El presidente había ordenado el viernes a sus tropas un alto el fuego hasta el 27 de junio para permitir el desarme de los rebeldes. Pero los insurgentes, que han reivindicado su independencia en dos regiones de habla rusa de unos siete millones de habitantes, habían rechazado las condiciones al considerarlas una "estratagema".

El inesperado anuncio puso a Poroshenko bajo presión ya que hasta ahora había dicho que no hablaría con aquellos que tuviesen "las manos manchadas de sangre" y que su plan de paz solo incluía discusiones con rebeldes que no hubieran cometido "asesinatos y torturas".

Nunca especificó concretamente con quién no se sentaría a negociar, pero Moscú interpretaba de estos comentarios que se trataba de los principales líderes rebeldes prorrusos.

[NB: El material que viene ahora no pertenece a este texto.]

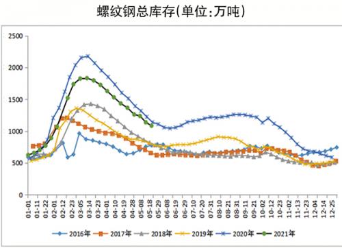 根据相关机构周度数据,截至5月20日,螺纹钢总库存为1083.54万吨,周环比下降54.59万吨;热轧卷板总库存为347.08万吨,周环比下降2.52万吨。螺纹钢、线材、热轧卷板、冷轧卷板、中厚板等五大钢材品种总库存为2040.71万吨,周环比下降72.28万吨。以季节性较强的螺纹钢为例,5月14日~5月20日的去库存速度较5月7日~5月13日下降近一半,说明库存消化放缓。即使不排除有偶然性在其中,但笔者认为未来一段时间,随着各地入夏,雨季来临,螺纹钢将经历库存下降放缓、小幅库存累积、再次去库存的过程。

El presidente Poroshenko, elegido el 25 de mayo con el apoyo de los occidentales, dijo que tras el alto el fuego debe cesar la llegada de "armas y mercenarios" procedentes de Rusia, según anunció la oficina de la presidencia al dar cuenta de una conversación telefónica con el vice presidente norteamericano Joe Biden.

Era la segunda vez en 48 horas que Petro Poroshenko conversaba con Biden sobre la aplicación del plan de paz propuesto por Kiev.